Positron emission tomography (PET) is the most sensitive technique for determining the stage of Hodgkin lymphoma and for evaluating the person's response to treatment. Because living tissue can be identified with PET, doctors can use this imaging technique to distinguish scar tissue from active Hodgkin lymphoma after the person has undergone treatment (although PET is not always accurate because inflammation can appear on PET). Most people with Hodgkin lymphoma do not need surgery to determine whether the disorder has spread to the abdomen, because all people receive chemotherapy, which treats the lymphoma no matter where it is located.

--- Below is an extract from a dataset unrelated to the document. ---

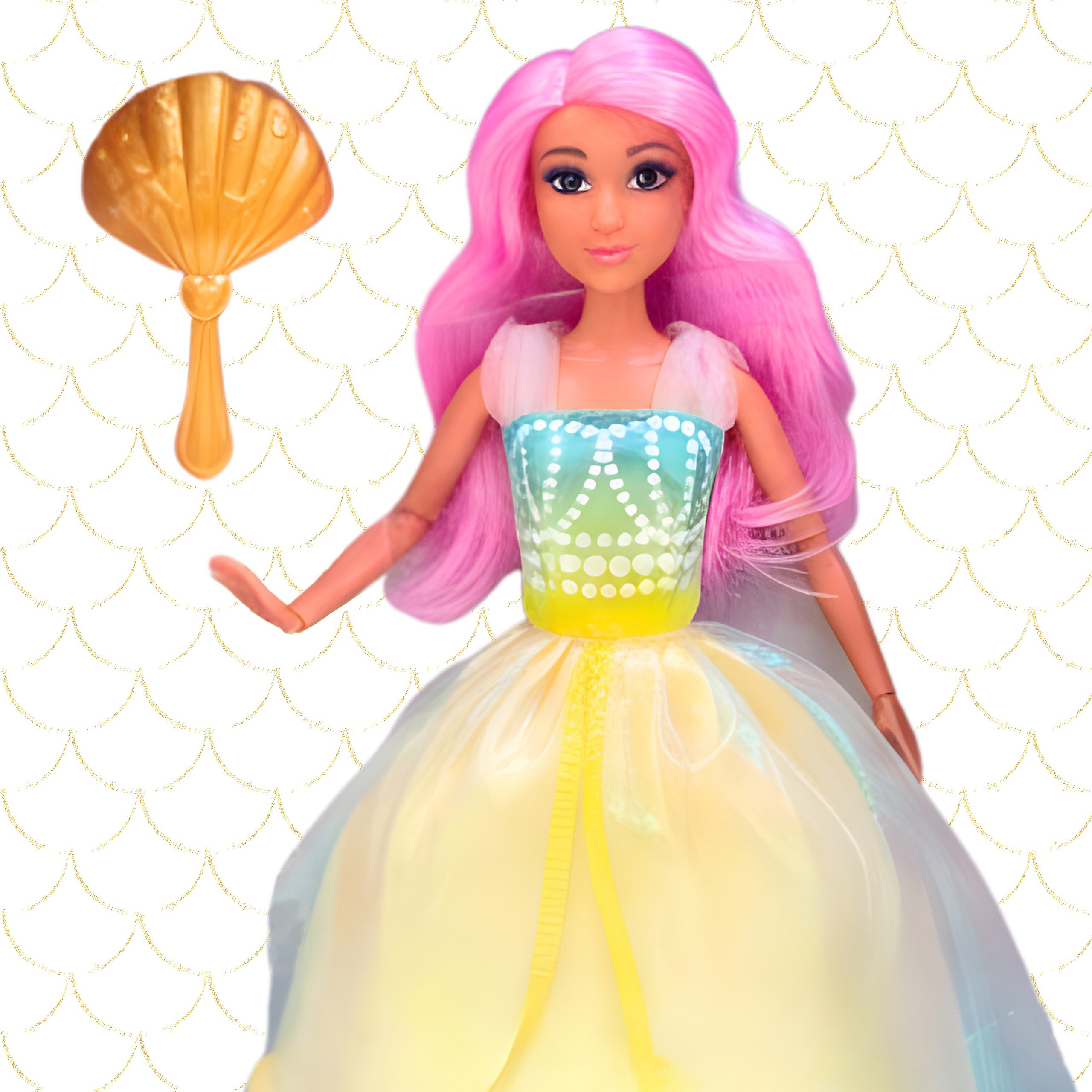 Poznaj uroczą Księżniczkę Lily od marki Woopie– lalkę inspirowaną podwodnym światem syrenek. Jej długie, różowe włosy zachęcają do czesania i tworzenia fantazyjnych fryzur. Błyszcząca, pastelowa suknia w odcieniach morskiej piany sprawia, że wygląda jak prawdziwa księżniczka z oceanu. W zestawie znajduje się złoty grzebień w kształcie muszli oraz elegancki pierścionek, które dopełniają stylizacje. To doskonały prezent dla dzieci od 3 lat, który rozwija wyobraźnię i pozwala tworzyć niezliczone, bajkowe historie.
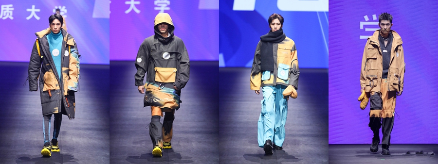 伴隨動(dòng)感的音樂(lè)節(jié)奏與炫酷的光影效果,活動(dòng)一經(jīng)開(kāi)幕瞬間燃炸全場(chǎng)!舞臺(tái)上,選手們一件件別出心裁的服裝設(shè)計(jì)贏得了在場(chǎng)觀眾、評(píng)委的認(rèn)可與贊嘆。經(jīng)過(guò)激烈角逐,其中來(lái)自中國(guó)地質(zhì)大學(xué)胡博洋的設(shè)計(jì)佳作《攀登者》獲得評(píng)委們的一致青睞,從上千份參賽作品中脫穎而出,最終摘得大賽金獎(jiǎng)!評(píng)審們表示,《攀登者》作品的時(shí)尚與創(chuàng)意兼具,不僅詮釋出主題“自定義”的重要內(nèi)涵,而且注重面料的使用,利用拆線、刺繡和色彩拼接的碰撞,將多種元素進(jìn)行解構(gòu)、組合,整體設(shè)計(jì)凸顯戶外服飾的功能性、防御性,傳遞出當(dāng)代青年對(duì)時(shí)代思潮與時(shí)尚趨勢(shì)的敏感度。

Stages of Hodgkin Lymphoma


Extent of Spread

Likelihood of Cure*


Limited to one lymph node region

More than 80%


Involves two or more lymph node regions on the same side of the diaphragm, above or below it (for example, some enlarged nodes in the neck and some in the armpit)

More than 80%


Involves lymph node regions above and below the diaphragm (for example, some enlarged nodes in the neck and some in the groin)

70 to 80%


Involves other parts of the body (such as the bone marrow, lungs, or liver), as well as lymph nodes

More than 50%

*People have survived for 5 years with no further disease.

A lymph node region is an area of the body with groups of lymph nodes that drain lymph fluid.

Treatment and Prognosis

With chemotherapy, with or without radiation therapy, most people who have Hodgkin lymphoma can be cured.

Chemotherapy is used for all stages of disease. Doctors usually use more than one chemotherapy drug. Several combinations may be used. Involved field radiation therapy (radiation therapy delivered only to the affected areas of the body, avoiding exposing unaffected areas to radiation) may be added after chemotherapy. Radiation therapy is usually given on an outpatient basis over about 3 to 4 weeks.

More than 80% of people with stage I or stage II disease are cured with chemotherapy alone or with chemotherapy plus involved field radiation therapy. The cure rate of people with stage III disease ranges from 70 to 80%. Cure rates for people with stage IV disease, while not as high, are above 50%.

Although chemotherapy greatly improves the chances for a cure, side effects can be serious. The drugs may cause temporary or permanent infertility, an increased risk of infection, potential damage to other organs, such as the heart or lungs, and reversible hair loss. After radiation therapy, there is an increased risk of cancer, such as lung, breast, or stomach cancer, occurring 10 or more years after treatment in organs that were in the radiation field. Non-Hodgkin lymphomas may develop in some people many years after successful treatment for Hodgkin lymphoma, regardless of the treatment used.

A person who has a remission (the disease under control) after initial treatment but then relapses (lymphoma cells reappear) may still be cured with second-line treatment. The cure rate for people who relapse is at least 50%. Among people who relapse in the first 12 months after initial treatment, cure rates are somewhat lower, whereas the rates for people who relapse later tend to be somewhat higher. People who relapse after initial treatment generally are treated with a “salvage” chemotherapy regimen followed by high-dose chemotherapy and autologous stem cell transplantation. Autologous stem cell transplantation, which involves using the person's own stem cells (see Stem Cell Transplantation), may be done after high-dose chemotherapy. High-dose chemotherapy with stem cell transplantation is generally a safe procedure, with less than a 1 to 2% risk of death related to the treatment.

After treatment has been finished, people have regular doctor's examinations and tests to look for return of the lymphoma (posttreatment surveillance). Tests typically include chest x-rays and CT scans of the chest and pelvis. If people have had radiation therapy, doctors also do tests, such as mammography or magnetic resonance imaging (MRI) of the breasts and thyroid tests to see if a new cancer developed in those organs.